(What the task asks) Please return exactly the lines from the top of the data through the line that contains "Bellissimo abito maxi", and skip all pictures.

(Materials provided)
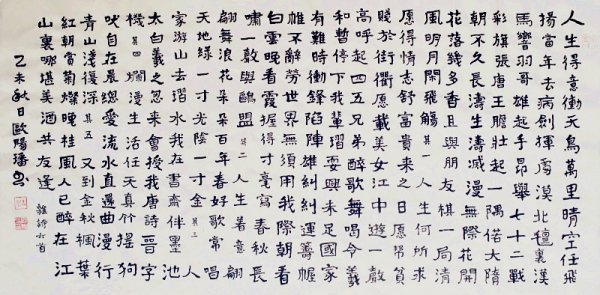 歐陽(yáng)璠看起來(lái)是孤獨(dú)的,但他決不寂寞。他在孤獨(dú)中與古人對(duì)話,返璞歸真;他也在與自己對(duì)話,使內(nèi)心豐富安寧。觀他的楷書(shū),筆筆靜肅、字字靜寂、行行靜修、整幅靜穆,無(wú)巧色、無(wú)輕滑、不花俏、筆筆形斷,字字意連,不經(jīng)意看是一盤(pán)散沙,細(xì)品之,則“筆筆呼應(yīng),字字接貫,前后左右,自能一氣相生矣。”
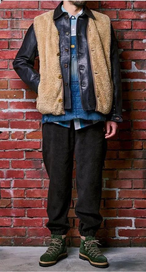 在皮衣外面穿一件马甲或者长款外套,皮革和棉质、毛质融合在一起居然有一种全新的穿搭体验!
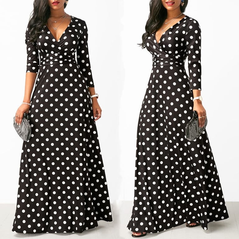Bellissimo abito maxi nero con grandi pois bianchi e scollatura profonda.
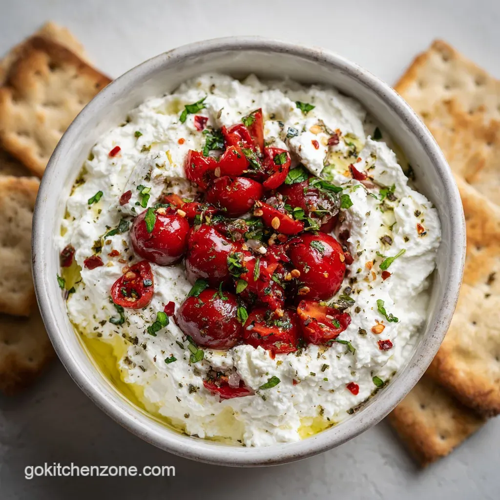 For a cozy twist, try a Baked Feta Dip Recipe version. Transfer the finished whipped dip to an oven safe dish, top with cherry tomatoes, and bake at 400°F for 15 minutes. The edges will get slightly golden, and the center becomes incredibly dip able.
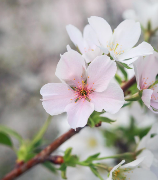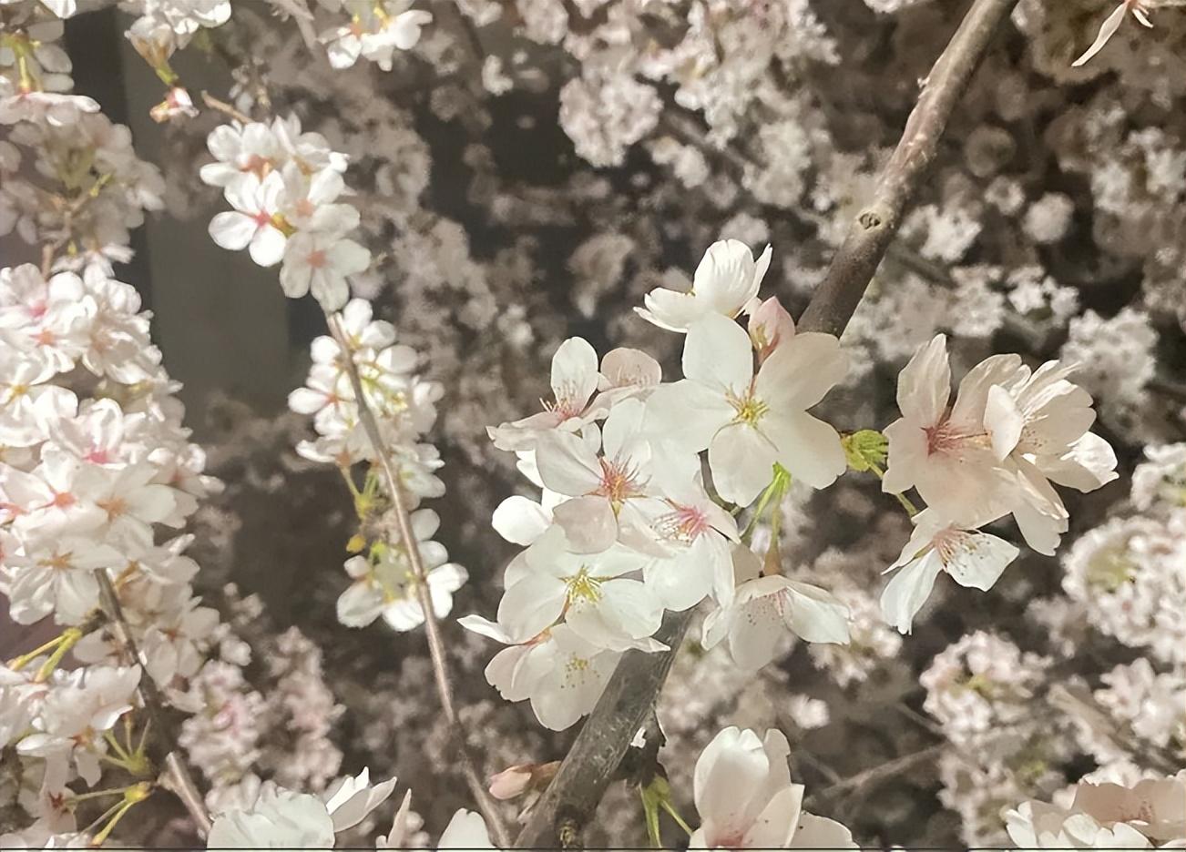 “幸得三月樱花舞,从此阡陌多暖春”。早春的三月里樱花盛开,微风拂过一朵一朵随风而舞,樱花素绽,似一望无际的乌夜中突然闪烁的烟火,在枝头挨挨挤挤,摆出翩翩姿态。
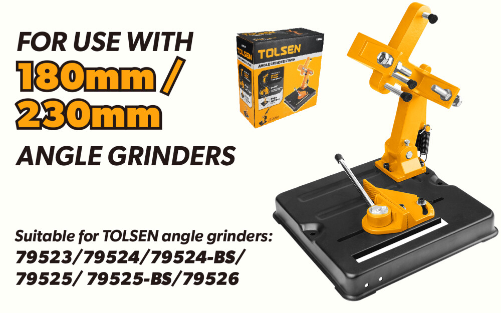 Standul pentru polizor unghiular de la Tolsen este un accesoriu util si practic pentru utilizarea cu polizoarele unghiulare de 180mm si 230mm. Standul este proiectat pentru a fi utilizat cu polizoarele unghiulare Tolsen 79523/79524/79524-BS/79525/79525-BS/79526.
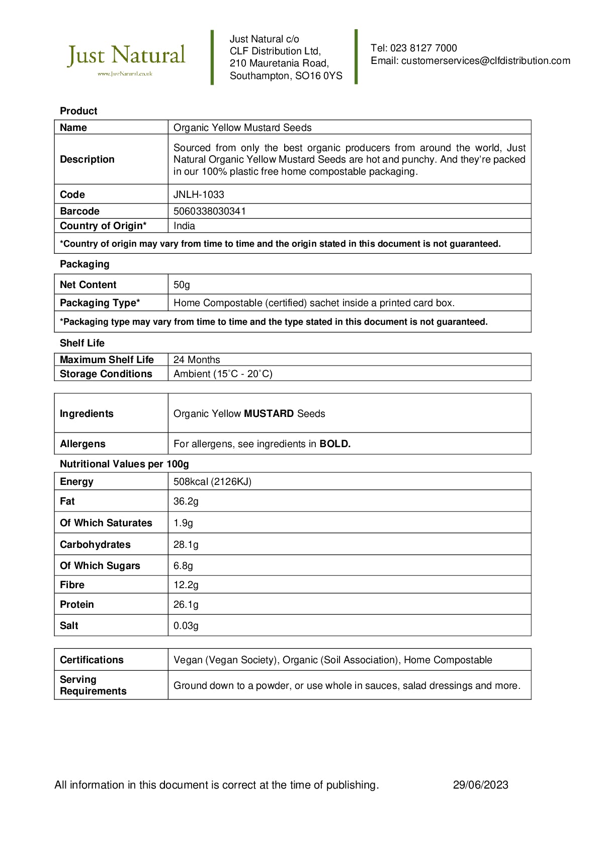 Sourced from only the best organic producers from around the world, Just Natural Organic Yellow Mustard Seeds are hot and punchy. And they're packed in our 100% plastic free home compostable packaging.
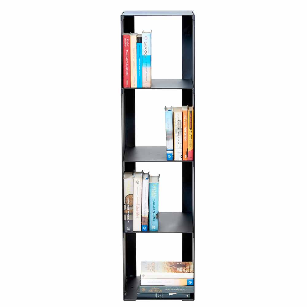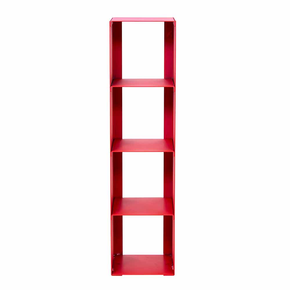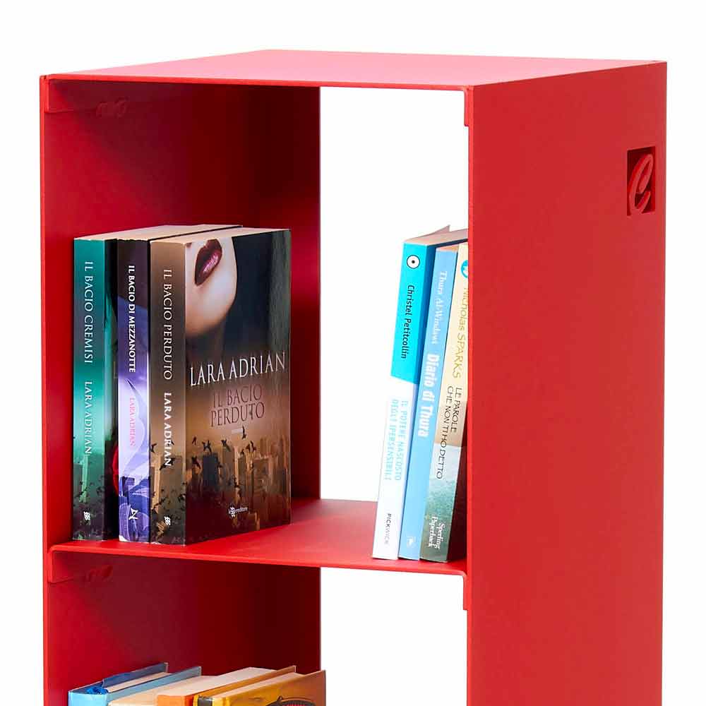 Podlahová knihovna v moderním stylu s černými, červenými, bílými nebo šedými malovanými železnými policemi; vyrobeno v Itálii.
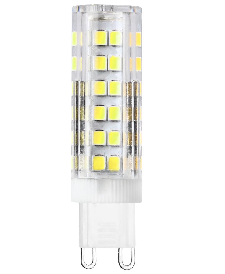 Компактная светодиодная лампа с цоколем G9 для бытовых и декоративных светильников. Даёт холодный белый свет при снижении энергопотребления по сравнению с лампами накаливания.
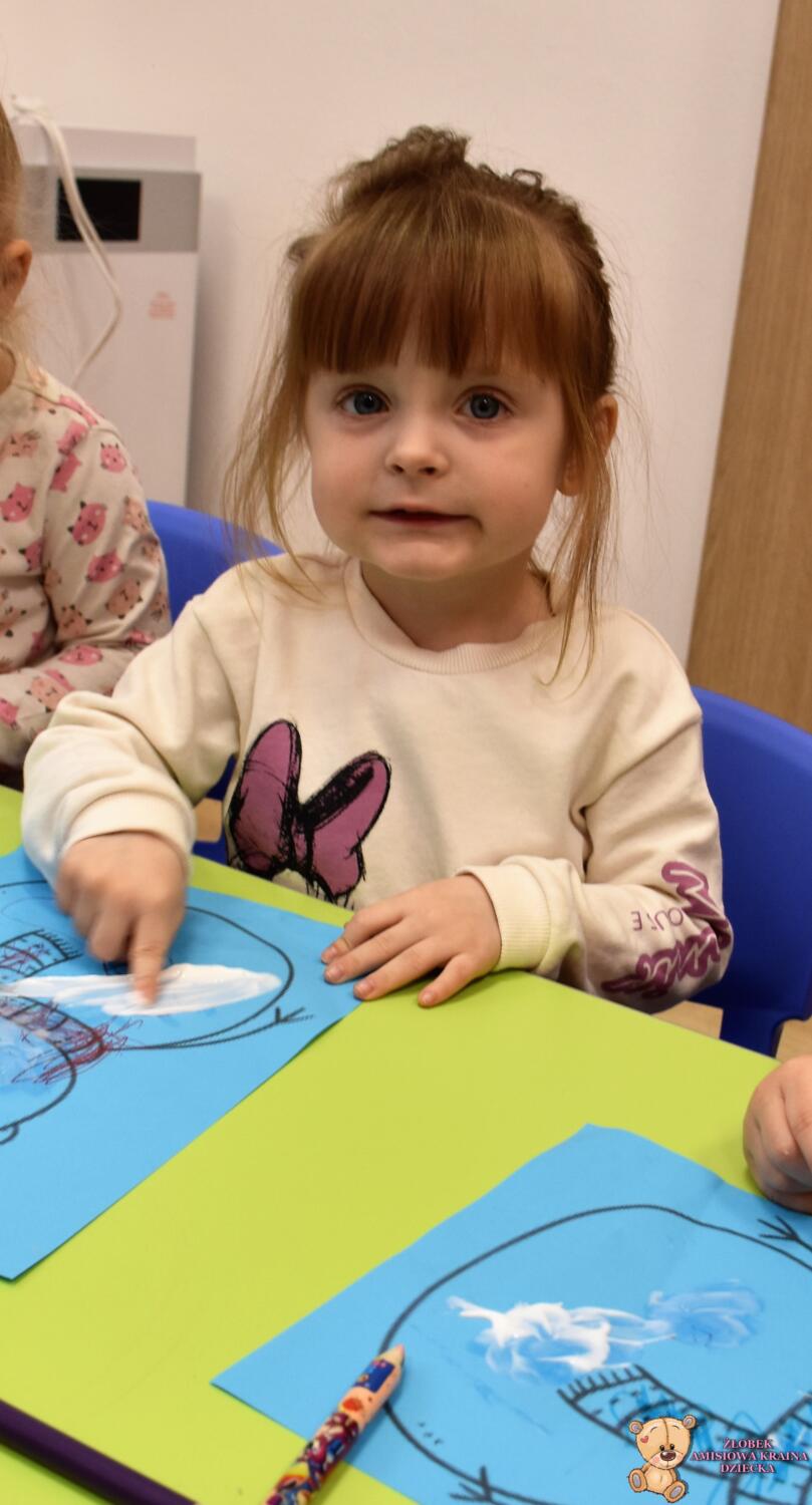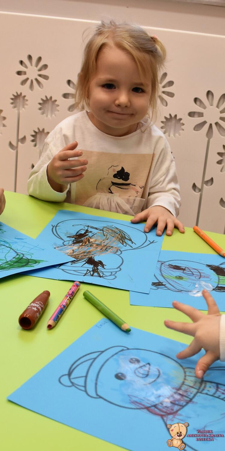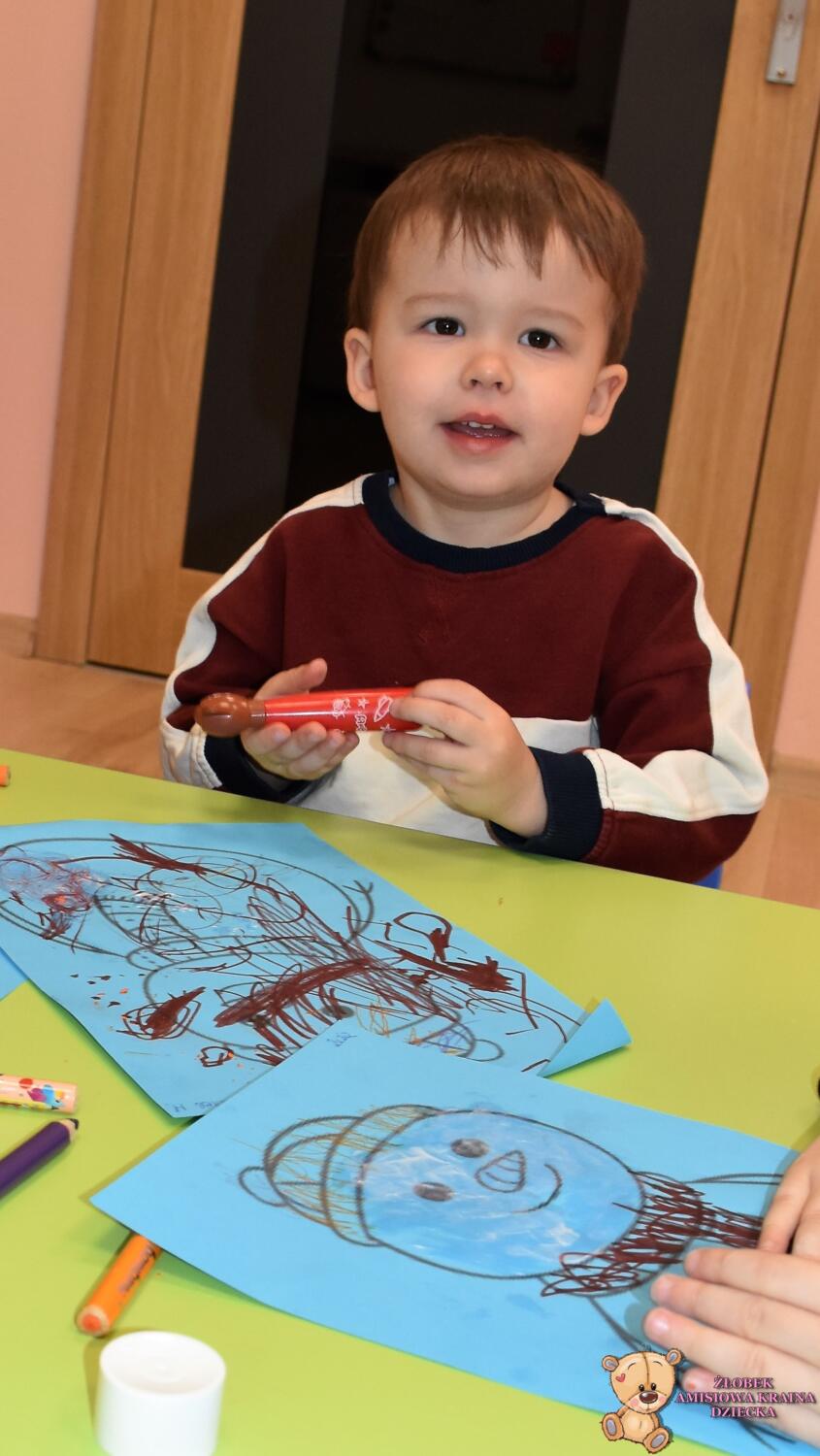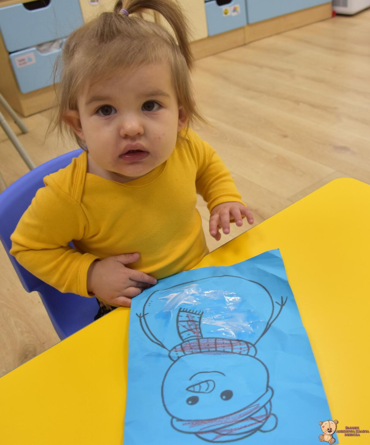 Dzisiaj pracą plastyczną było wykonanie bałwanka pasta,brokatem i kredkami.Nasze AMISIAKI zwinnie paluszkami wykonywali pracę co sprawiło ogromną frajdę ![]()
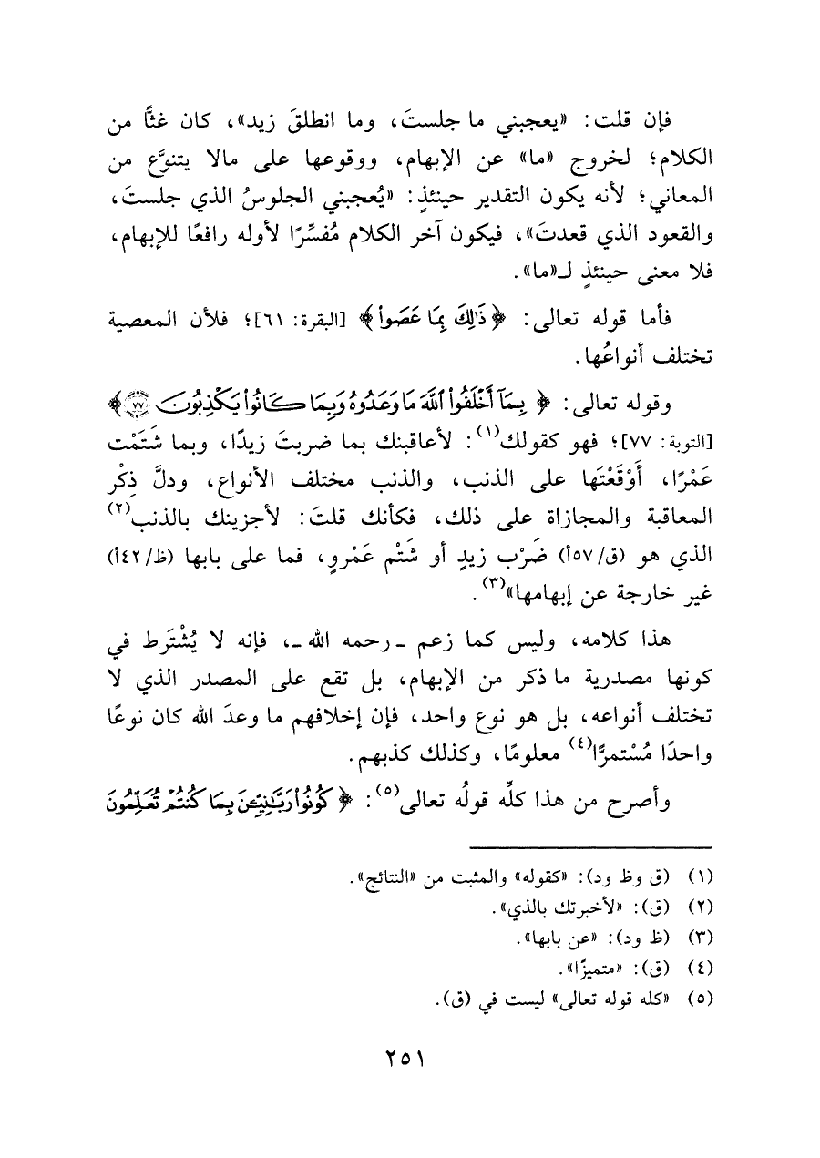 وقوله تعالى: {بِمَا أَخْلَفُوا اللَّهَ مَا وَعَدُوهُ وَبِمَا كَانُوا يَكْذِبُونَ (٧٧)} [التوبة: ٧٧]؛ فهو كقولك (¬١): لأعاقبنك بما ضربتَ زيدًا، وبما شَتَمْت عَمْرًا، أَوْقَعْتَها على الذنب، والذنب مختلف الأنواع، ودلَّ ذِكْر المعاقبة والمجازاة على ذلك، فكأنك قلتَ: لأجزينك بالذنب (¬٢) الذي هو (ق/ ٥٧ أ)، ضَرْب زيدٍ أو شَتْم عَمْروٍ، فما على بابها (ظ/٤٢ أ) غير خارجة عن إبهامها" (¬٣).
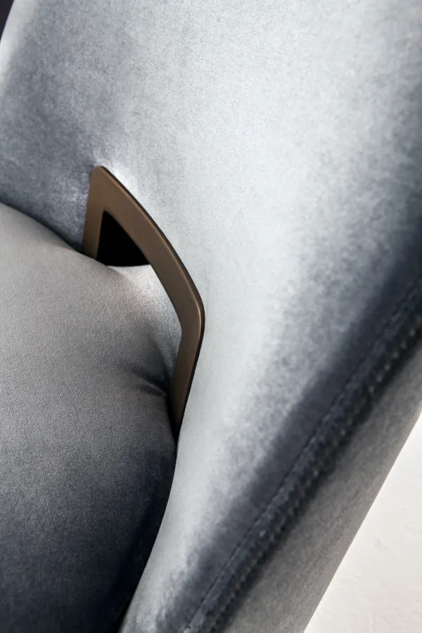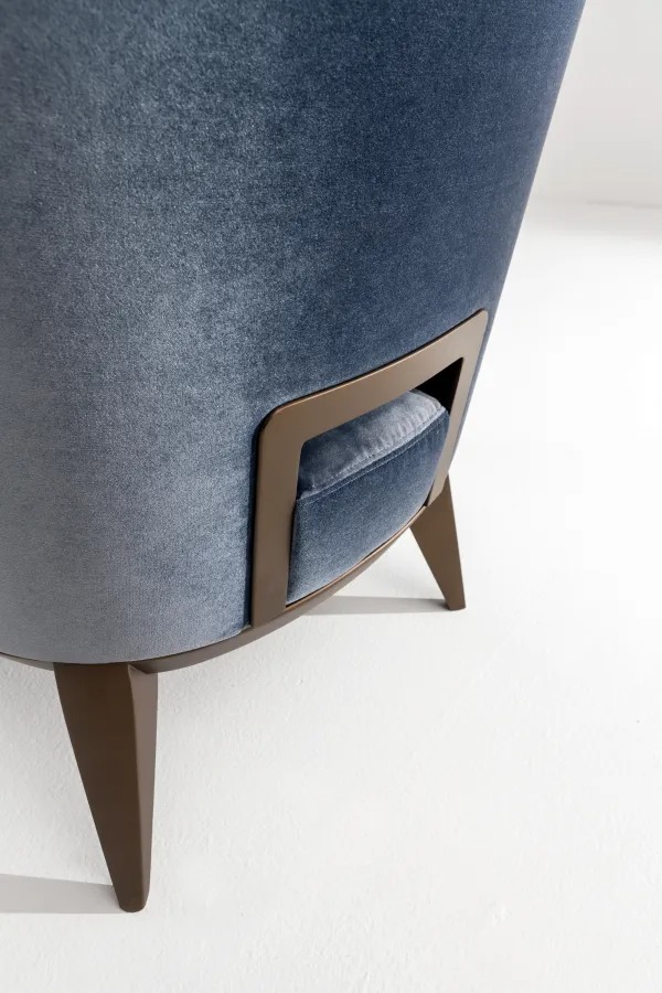 Кресло с обтянутой кожей, бархатом или тканью и деревянной рамой, с сиденьем из полиуретановой пены.

(Expected output)
 歐陽(yáng)璠看起來(lái)是孤獨(dú)的,但他決不寂寞。他在孤獨(dú)中與古人對(duì)話,返璞歸真;他也在與自己對(duì)話,使內(nèi)心豐富安寧。觀他的楷書(shū),筆筆靜肅、字字靜寂、行行靜修、整幅靜穆,無(wú)巧色、無(wú)輕滑、不花俏、筆筆形斷,字字意連,不經(jīng)意看是一盤(pán)散沙,細(xì)品之,則“筆筆呼應(yīng),字字接貫,前后左右,自能一氣相生矣。”
 在皮衣外面穿一件马甲或者长款外套,皮革和棉质、毛质融合在一起居然有一种全新的穿搭体验!
Bellissimo abito maxi nero con grandi pois bianchi e scollatura profonda.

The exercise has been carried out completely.